Take the lines from the one with "写真には光がなにより大切なので、iPhone用の外付けフラッシュ「Anker iPhone LED" through the end of the material below and repeat them exactly, dropping every picture.

PROVIDED MATERIAL >>
[Start of Attachment]
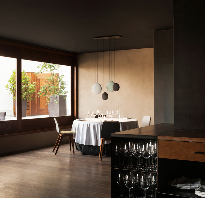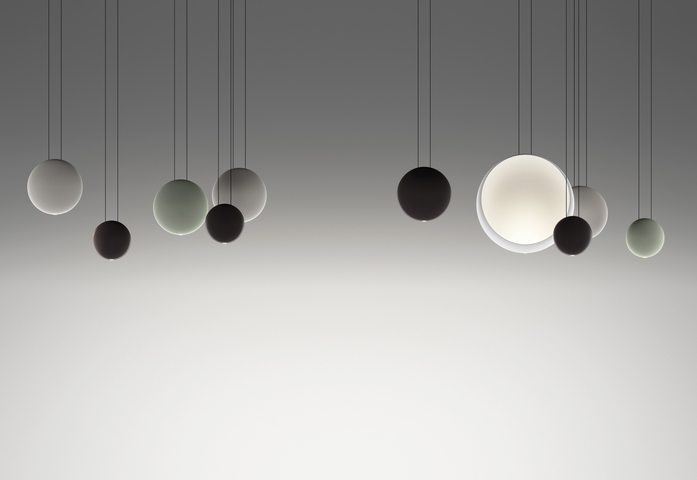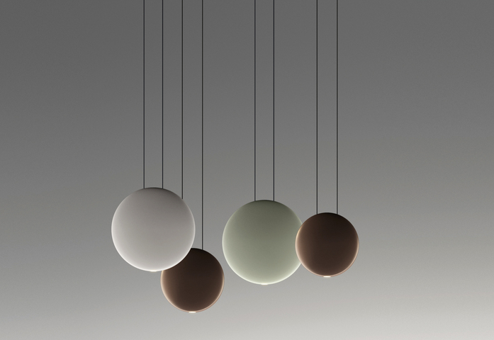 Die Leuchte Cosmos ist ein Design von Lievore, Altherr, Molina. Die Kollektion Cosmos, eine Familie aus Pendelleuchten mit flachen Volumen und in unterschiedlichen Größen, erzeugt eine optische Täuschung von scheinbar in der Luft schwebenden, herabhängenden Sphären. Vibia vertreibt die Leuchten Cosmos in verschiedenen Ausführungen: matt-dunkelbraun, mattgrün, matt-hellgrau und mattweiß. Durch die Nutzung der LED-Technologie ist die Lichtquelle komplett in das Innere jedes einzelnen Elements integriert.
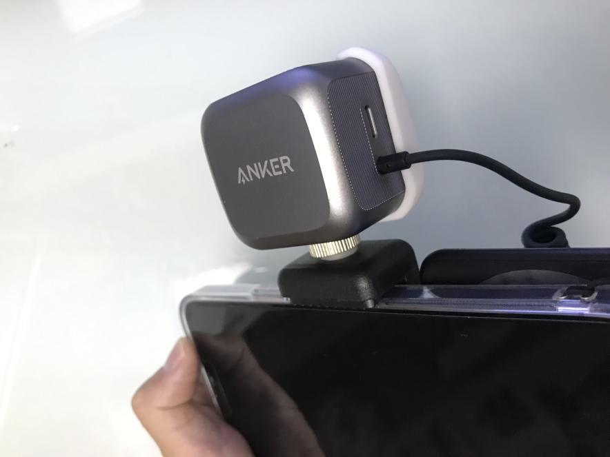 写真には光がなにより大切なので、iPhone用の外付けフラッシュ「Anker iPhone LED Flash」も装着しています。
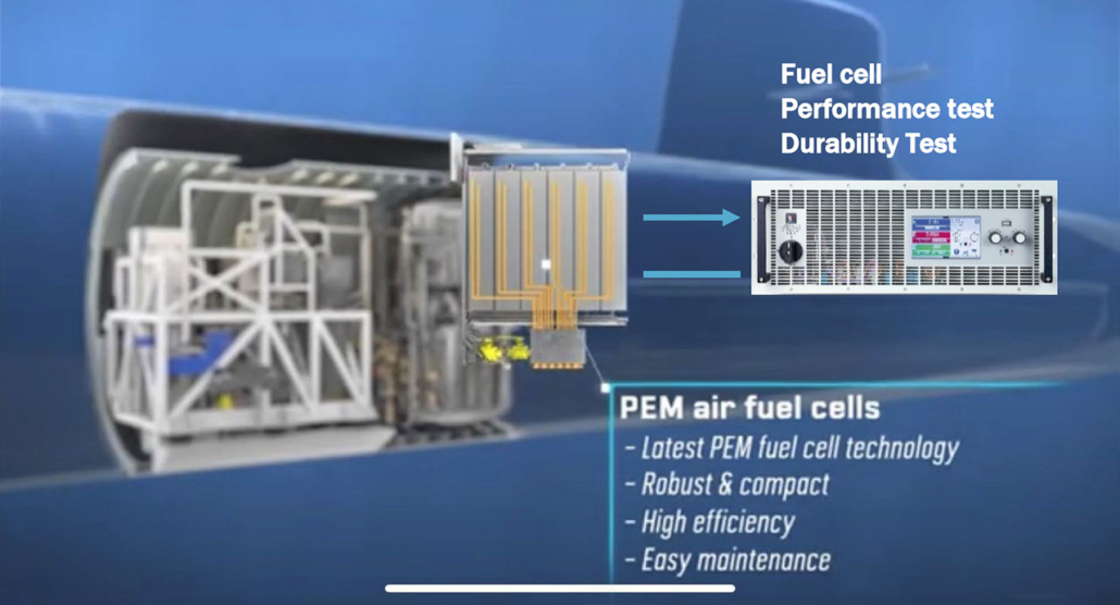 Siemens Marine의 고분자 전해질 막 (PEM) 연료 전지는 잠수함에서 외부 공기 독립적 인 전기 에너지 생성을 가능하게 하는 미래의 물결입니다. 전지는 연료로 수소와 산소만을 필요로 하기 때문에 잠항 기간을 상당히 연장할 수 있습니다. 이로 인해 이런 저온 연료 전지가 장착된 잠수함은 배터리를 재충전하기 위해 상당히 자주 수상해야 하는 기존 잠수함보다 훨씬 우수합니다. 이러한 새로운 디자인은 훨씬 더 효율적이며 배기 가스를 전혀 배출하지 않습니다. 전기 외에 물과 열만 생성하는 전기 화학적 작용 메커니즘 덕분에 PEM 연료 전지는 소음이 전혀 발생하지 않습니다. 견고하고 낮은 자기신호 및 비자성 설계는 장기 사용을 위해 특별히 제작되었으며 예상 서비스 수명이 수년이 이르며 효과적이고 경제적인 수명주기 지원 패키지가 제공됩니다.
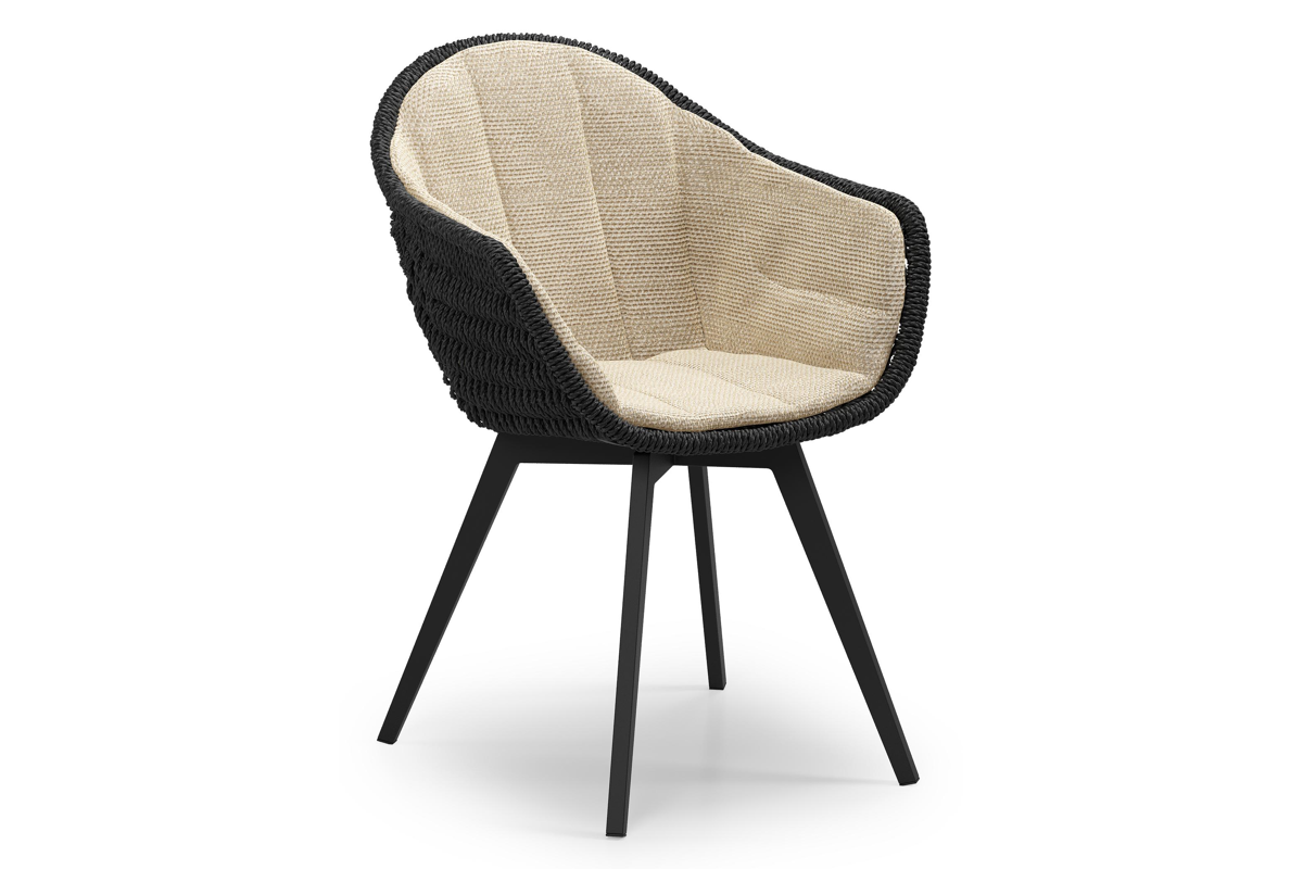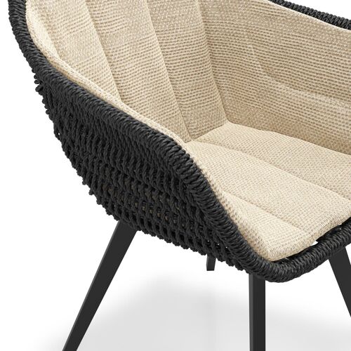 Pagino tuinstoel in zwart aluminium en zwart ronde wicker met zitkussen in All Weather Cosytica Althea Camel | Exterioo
[End of Attachment]
ANSWER AREA >>
 写真には光がなにより大切なので、iPhone用の外付けフラッシュ「Anker iPhone LED Flash」も装着しています。
 Siemens Marine의 고분자 전해질 막 (PEM) 연료 전지는 잠수함에서 외부 공기 독립적 인 전기 에너지 생성을 가능하게 하는 미래의 물결입니다. 전지는 연료로 수소와 산소만을 필요로 하기 때문에 잠항 기간을 상당히 연장할 수 있습니다. 이로 인해 이런 저온 연료 전지가 장착된 잠수함은 배터리를 재충전하기 위해 상당히 자주 수상해야 하는 기존 잠수함보다 훨씬 우수합니다. 이러한 새로운 디자인은 훨씬 더 효율적이며 배기 가스를 전혀 배출하지 않습니다. 전기 외에 물과 열만 생성하는 전기 화학적 작용 메커니즘 덕분에 PEM 연료 전지는 소음이 전혀 발생하지 않습니다. 견고하고 낮은 자기신호 및 비자성 설계는 장기 사용을 위해 특별히 제작되었으며 예상 서비스 수명이 수년이 이르며 효과적이고 경제적인 수명주기 지원 패키지가 제공됩니다.
 Pagino tuinstoel in zwart aluminium en zwart ronde wicker met zitkussen in All Weather Cosytica Althea Camel | Exterioo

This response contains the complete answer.